He’s setting the scene to make a big point. 

“I’m very big on visual imagery,” VanHorn said, “and to me what Reformation Sunday is about is to corporately look to see how our hearts can get more in tune with God and His Word. Where are we misaligned? Where are we majoring on the minors?”

Luther is part of a long line of “generation after generation after generation who have sought counsel from God’s Word through God’s Spirit to address their unique ministry and missional circumstances,” VanHorn said.

And with the same Spirit-led counsel that Luther had, God could very well do something big again now just like He did then, VanHorn said. 

“The Church never gets to go into coast mode — we should always be reforming ourselves with the Word,” he said.

VanHorn’s sermon will be on one of John’s letters in Revelation that was written to a stagnant church.

“The only two churches about which John has nothing negative to say (in Revelation) are the ones who are being persecuted,” VanHorn said. “And today it’s the same — Christianity on the worldwide scene is thriving where it’s being persecuted. It’s in the contexts where it’s comfortable that it’s often stagnant or declining.”

So he said he wonders what Luther or John would have to say to the Church in Alabama today.

“We want to take a personal inventory, evaluate ourselves and have our own personal reformations as believers and as a church,” VanHorn said. “It’s a legacy we want to build on.”

So when he takes a mallet this Sunday and drives a nail into the big prop door built by church member Kendall Shankles, that’s the point he’ll be trying to drive home.

Tim Evans, pastor of North Clay Baptist Church, Pinson, said he feels the same way.

This weekend, for the fifth year in a row, his church is putting on a dramatic walk-through presentation of the day Luther nailed his theses to the door, emphasizing the integrity of the gospel and the need to challenge practices that don’t line up with God’s Word.

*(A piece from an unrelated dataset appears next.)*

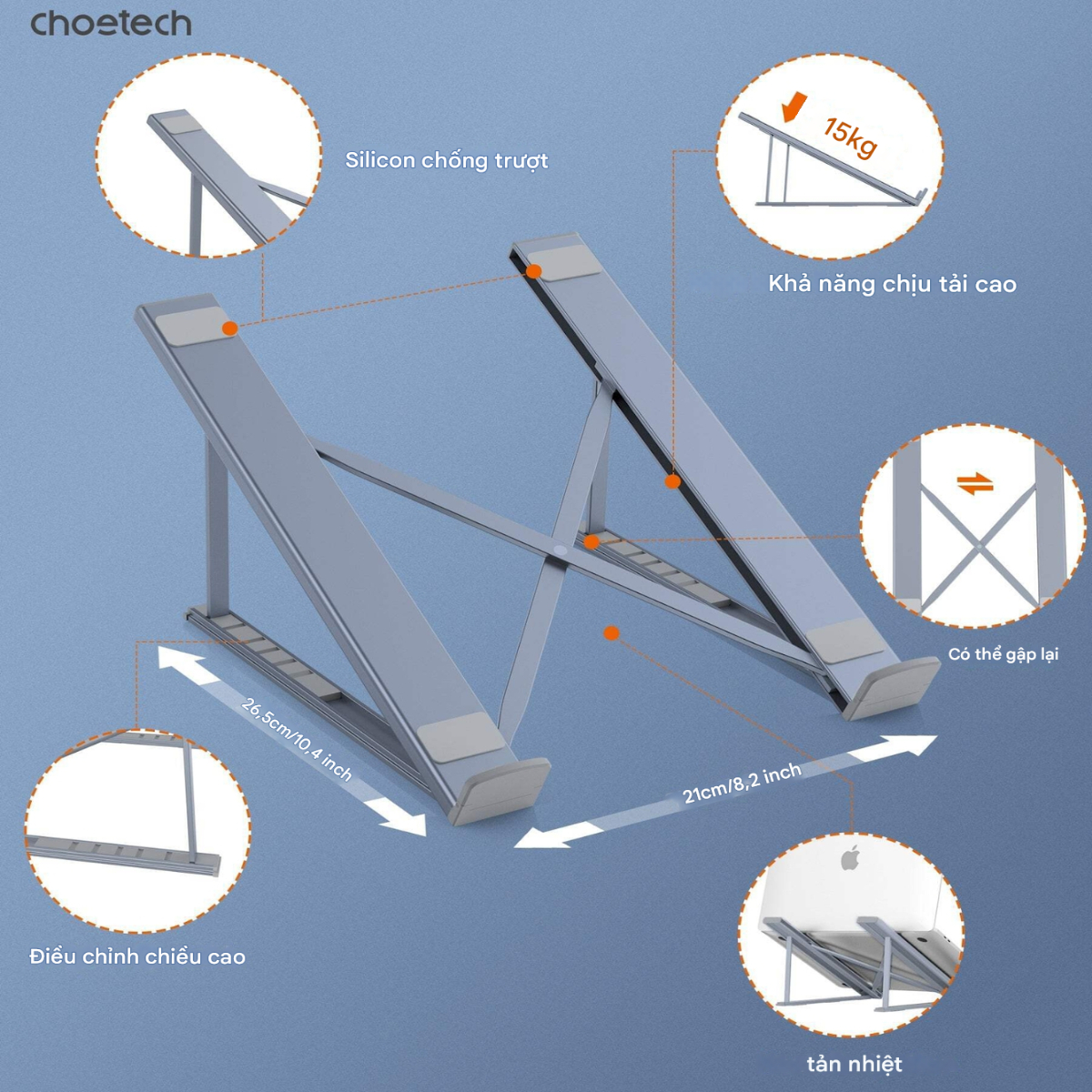 Mua tại TiktokGiới thiệu Giá đỡ laptoptản nhiệt gấp gọn Choetech H055 cho máy từ 9 đến 17 inch(Hàng chính hãng)
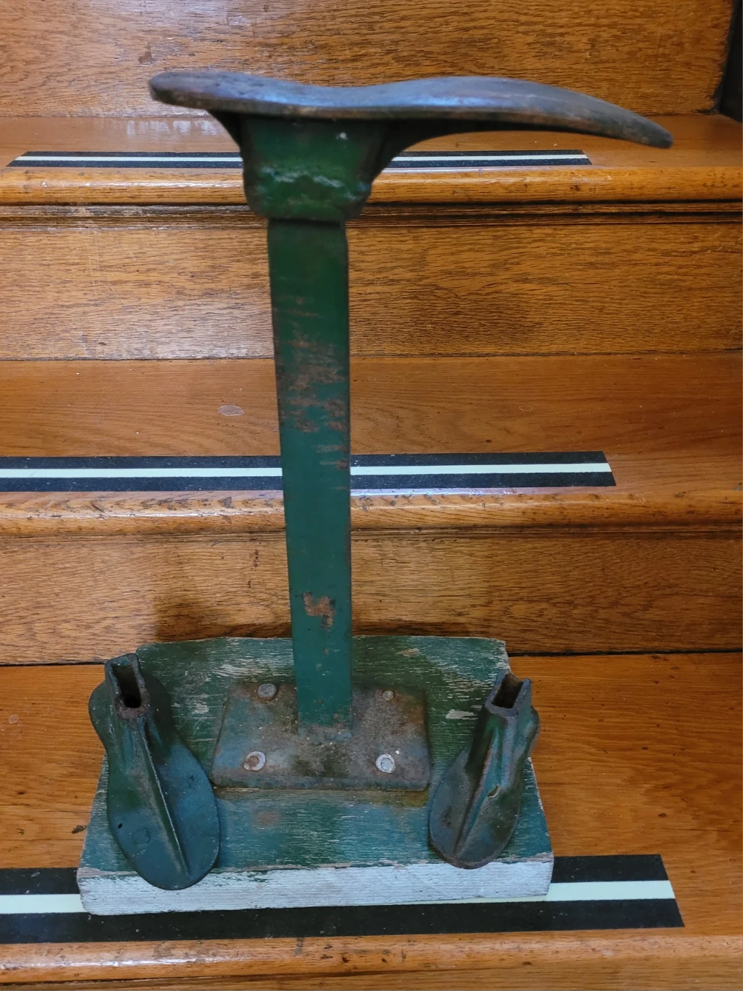 Set of three cast iron shoe lasts and a shoe last stand. These sturdy vintage tools are made of cast iron with a green patina. They're great for cobblers or anyone looking for unique display pieces.

The drama — called “1517” and written by children’s minister Josh McDaniel — is family friendly and will be staged Oct. 31, 2–5 p.m., and Nov. 1, 5–8 p.m., in vignettes that take about 45 minutes to walk through.

“Luther was the man God used to recover and restore clarity to the gospel,” Evans said. “If you lose the gospel, you’ve lost it. You have no purpose for existing as a religious entity.”

Timothy George, dean of Samford University’s Beeson Divinity School in Birmingham, said 1517 tells a message churches today need to hear.

“The Reformation of the 16th century was an age of spiritual renewal which focused on salvation by grace alone and the clarity and certainty of God’s Word in the Holy Scriptures,” he said. “This is a message we still need to hear today and learning the story of Martin Luther is a good way to do this.”

North Clay’s 1517 presentation is a “one-of-a-kind retelling of these events that changed the world,” George said.

 

Reservations for groups for 1517 are encouraged but not necessary.